Казалось, ни мужа, ни жену не волновало мнение света, и они не проявляли ни малейшего благоговейного трепета по поводу высокого положения своего зятя. Блейк догадывался, что и его отцу они, по-видимому, оказали бы точно такой же прием. Хотя, вероятно, чуть более официальный и чуть более почтительный. Этим людям было абсолютно безразлично, что он являлся герцогом и одним из самых богатых людей в Шропшире. Их волновало только счастье собственной дочери. Должно быть, замечательно иметь семью, готовую оказывать тебе неизменную поддержку. В прошлый раз новые родственники приняли его сдержанно, но, очевидно, ему удалось развеять некоторые их сомнения относительно себя в роли мужа их дочери. Нетрудно было убедить их, что он по крайней мере полностью примирился со своей женитьбой. Однако мерзавец Хантли вновь поднял свою голову, и это нарушило радость вчерашнего воссоединения с женой. Минерва держалась отлично, но Блейк, осматривая рану мерина, гадал, насколько она откровенна со своим отцом.

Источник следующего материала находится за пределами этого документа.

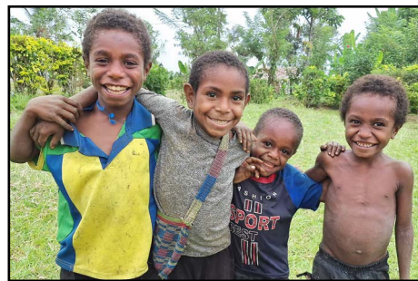
Some of the Nukna kids who will be served by this new literacy teacher training.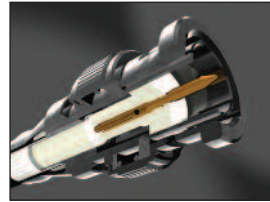
2. Pin is Pushed Through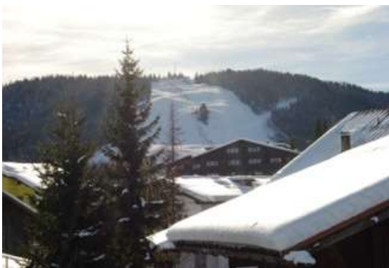
View from the balcony the Gschwandtkopf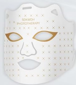
White Light 1410nm

Image: Detailed diagram illustrating the various components of the LED face mask, including LED lamp beads, bandage connection lock, medical grade pads, VPS material, and charging port.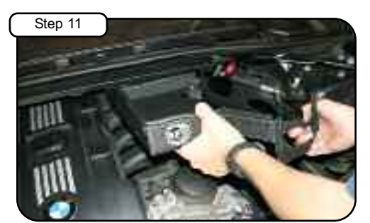
Install housing into factory postion.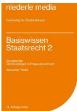
Basiswissen Staatsrecht 2 - 2023 Ladenpreis: 10,20EUR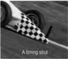
A timing strut

The challenge of Speed Hillclimbing is to drive the course in the shortest possible time. The faster drivers are those who can get the car off the start quickly, the first 64 feet can take under two seconds, and then find the quickest and smoothest lines through each corner. The fastest cars can complete the 1448 metre course in under 50 seconds, with speeds exceeding 130 mph!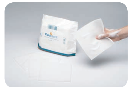
Puracloth™ wash cloths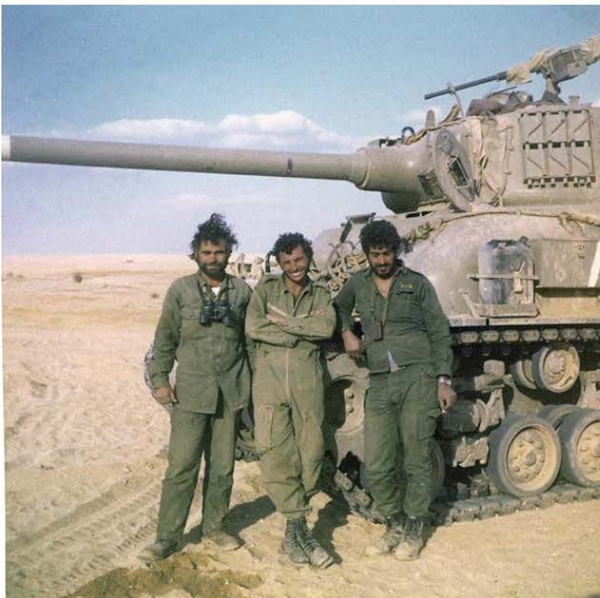
ABOVE: Israeli tank crew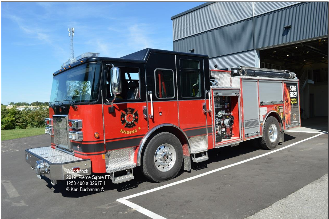
Woodstock, ON Engine 3, a 2019 Pierce Sabre 1250igpm, 400gwt. SN 32617-1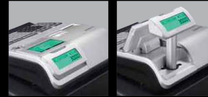
Large pop-up display

An alpha-numeric pop-up customer display ensures high visibility for the customer. Gain trust from your customer with a mistake-free cash register operation.

Миссис Монтроуз быстро провела его по чистеньким конюшням, которые, как он заметил с веселым изумлением, содержались в большем порядке, чем главный дом поместья. Возвращаясь обратно в дом, Блейк увлеченно обсуждал с миссис Монтроуз вопросы кормления лошадей. Войдя в холл, они обнаружили, что мистер Монтроуз стоит на коленях, а его дочь разута и до середины икр приподняла юбки. Лодыжки у нее и в самом деле выглядели привлекательно.
— Готово, — сказал мистер Монтроуз, поднимаясь с колен. — А вот и ты, моя дорогая. С лошадью все в порядке? А я тут измеряю Мин.
Он с сияющим видом посмотрел на жену, и та улыбнулась ему в ответ. По внешнему виду они также мало подходили друг другу: мистер Монтроуз полный, с бакенбардами, его жена — высокая и стройная, похожая на Минерву, но с загорелым и обветренным лицом. В этот момент Блейк почувствовал всю глубину привязанности супругов друг к другу, несмотря на разницу их увлечений, которым они отдавались с таким воодушевлением. И у него не было ни малейших сомнений, что к каждому из своих шестерых детей они питали сильную любовь и за каждого из них испытывали большую гордость.
В едином порыве они с восхищением смотрели на свою младшую дочь и лучились от счастья, радуясь ее приезду. Блейк стоял чуть поодаль и ловил себя на мысли, что испытывает зависть.
Блейк никогда не позволял себе жалеть самого себя. Если не принимать во внимание разочарование и стыд из-за его неудач в мире письменного слова, жаловаться ему было не на что. Он был красив и богат, женщины искали его внимания, а мужчины завидовали его спортивным успехам. Разве он имел основания или причины быть несчастливым? Только вот он всегда закрывал глаза на тот факт, что за исключением Аманды у него не было по-настоящему близких друзей. Приятелей насчитывалось около десятка, знакомых, готовых вместе поразвлечься, — около сотни. Но не было ни одного, кто бы по-настоящему знал его, с кем он делился своими секретами. Поскольку именно секреты мешали ему заводить близких друзей.
И возможно, именно это точно так же мешало ему наладить хорошие отношения со своей женой, впрочем, как и различия в их предпочтениях и интересах.